1. 程式人生 > 其它 >ZEEPLIN安裝整合CDH、Flink及Iceberg

ZEEPLIN安裝整合CDH、Flink及Iceberg

目錄

一、服務安裝 3

1 安裝包下載 3

2 服務安裝 3

2.1 環境配置 3

2.2 節點配置 3

2.3 服務啟動 4

2.4 服務訪問 4

二 簡單使用-flink 4

1 web端配置Interpreters 4

2 demo測試 5

三 簡單實用-iceberg 6

1 配置flink-iceberg jar包 6

2 demo測試 7

一、服務安裝

1 安裝包下載

下載地址

https://zeppelin.apache.org/download.html

2 服務安裝

服務安裝路徑:/opt/soft/ zeppelin-0.10.1-bin-all

cd /opt/soft

tar -zxvf zeppelin-0.10.1-bin-all.tgz

2.1 環境配置

cd zeppelin-0.10.1-bin-all/conf

#修改配置檔案

cp zeppelin-env.sh.template zeppelin-env.sh

vim zeppelin-env.sh #新增如下配置

export JAVA_HOME=/usr/java/jdk1.8.0_181-cloudera

export HADOOP_CONF_DIR=/etc/hadoop/conf.cloudera.yarn

export HADOOP_HOME=/opt/cloudera/parcels/CDH-6.3.1-1.cdh6.3.1.p0.1470567/lib/hadoop

export SPARK_HOME=/opt/cloudera/parcels/CDH-6.3.1-1.cdh6.3.1.p0.1470567/lib/spark

export MASTER=yarn-cluster

說明:java及hadoop相關配置路徑,根據環境對應適配

2.2 節點配置

cp zeppelin-site.xml.template zeppelin-site.xml

vim zeppelin-site.xml

<property>

<name>zeppelin.server.addr</name>

<value>**.**.**.**</value>

<description>Server binding address</description>

</property>

<property>

<name>zeppelin.server.port</name>

<value>****</value>

<description>Server port.</description>

</property>

說明:該處只需要配置具體的IP和埠即可,如果為叢集模式,則配置zeppelin.cluster.addr屬性即可。

2.3 服務啟動

./bin/zeppelin-daemon.sh start#啟動命令

./bin/zeppelin-daemon.sh stop

2.4 服務訪問

訪問地址:http://ip:port

二 簡單使用-flink

1 web端配置Interpreters

首先,右上角點選Interpreters

然後,檢索flink,進行配置項編輯,配置下面4項即可

FLINK_HOME=/opt/flink

HADOOP_CONF_DIR=/etc/hadoop/conf.cloudera.yarn

HIVE_CONF_DIR=/etc/hive/conf.cloudera.hive

flink.execution.mode=yarn

2 demo測試

建立新的note並編輯demo進行測試

%flink

val data=benv.fromElements("Hello Kobe","Hello Jordan","Hello James")
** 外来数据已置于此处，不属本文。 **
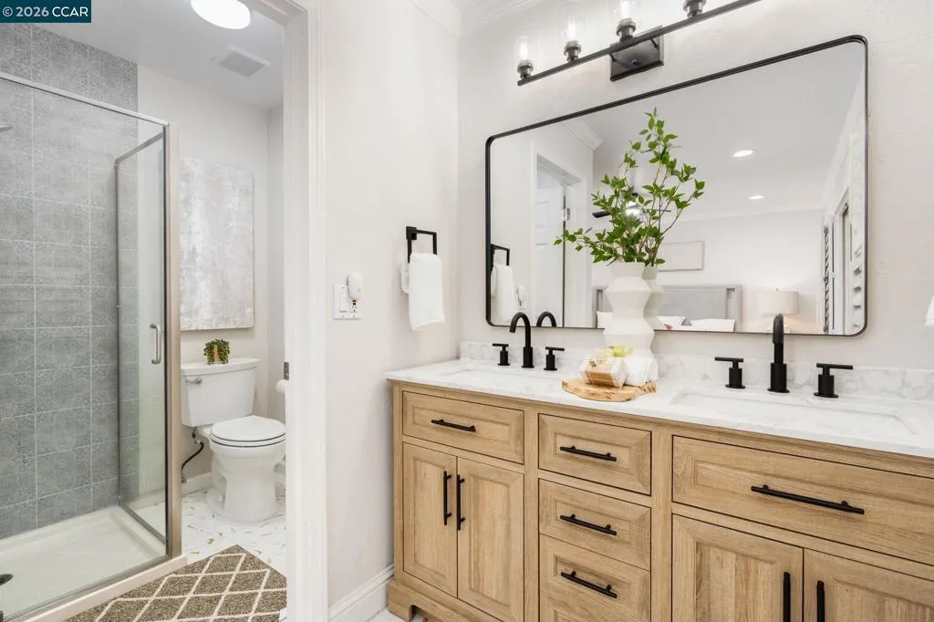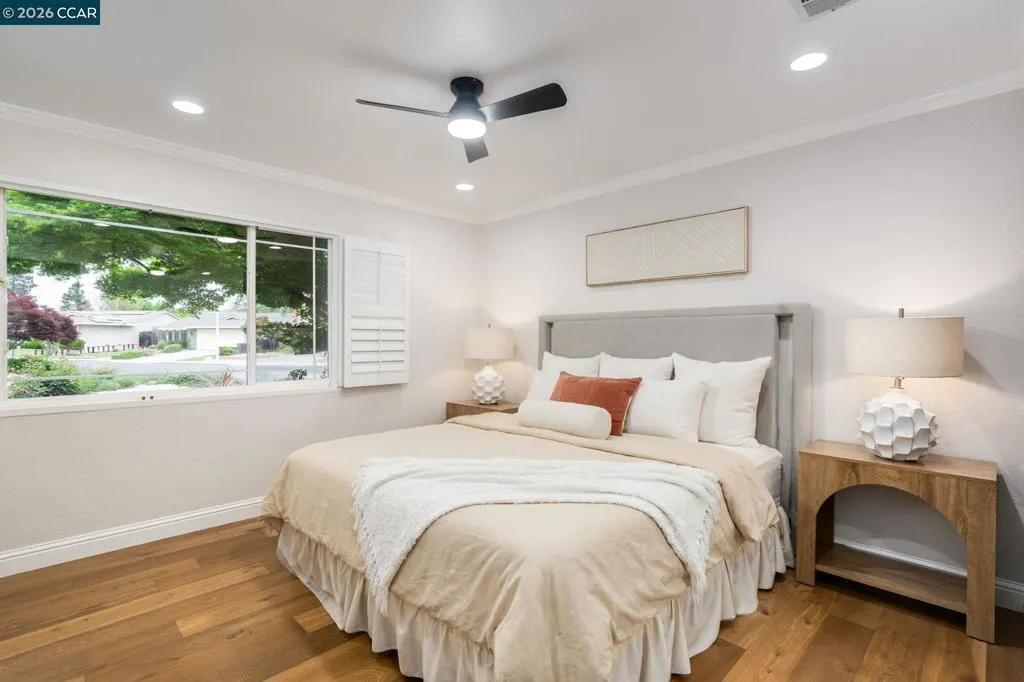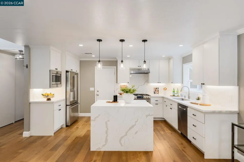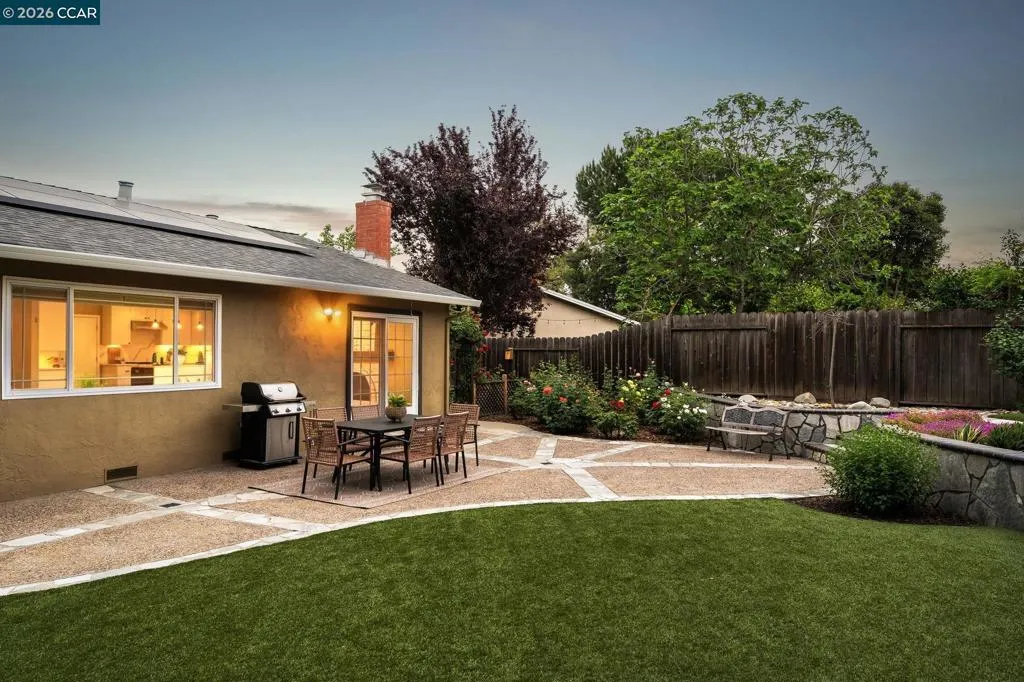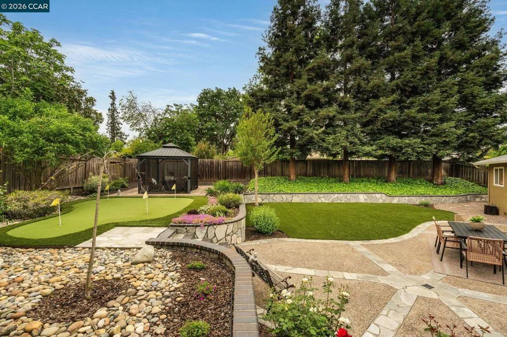 North-facing and located on a quiet cul-de-sac in one of San Ramon’s most desirable neighborhoods, this beautifully updated home offers the perfect blend of comfort, functionality, and modern upgrades. The home was extensively renovated approximately seven years ago and has been meticulously maintained since. Features include a newer roof, newer HVAC system, paid-off solar, hardwood floors, and a fully updated kitchen with custom cabinetry, quartz countertops with waterfall island, designer backsplash, and stainless steel appliances. The open-concept layout is enhanced with recessed lighting and flows seamlessly from the kitchen into the dining and living areas, ideal for both everyday living and entertaining. Both bathrooms have been tastefully upgraded with new vanities and tile flooring. A two-car garage and laundry hookups add everyday convenience. The backyard is designed for relaxation and entertainment, featuring a wrap-around paver patio, low-maintenance artificial turf, a custom putting green, and a gazebo seating area. Generous side yards on both sides provide additional space and flexibility. Just minutes from Pine Valley Middle School & Boone Acres Park, w/ quick access to I-680 & the Iron Horse Trail, this home offers comfort, flexibility, & everyday convenience.

data.flatMap(record=>record.split("\\s"))

.map(word=>(word,1))

.groupBy(0)

.sum(1)

.print()

三 簡單實用-iceberg

1 配置flink-iceberg jar包

配置方式:

flink.execution.jars= /opt/flink/lib/iceberg-flink-runtime-1.13-0.13.1.jar

如果沒有配置的話報如下錯誤

Could not find any factory for identifier 'iceberg' that implements 'org.apache.flink.table.factories.CatalogFactory' in the classpath.

Caused by: org.apache.flink.table.api.ValidationException: Could not find any factory for identifier 'iceberg' that implements 'org.apache.flink.table.factories.CatalogFactory' in the classpath.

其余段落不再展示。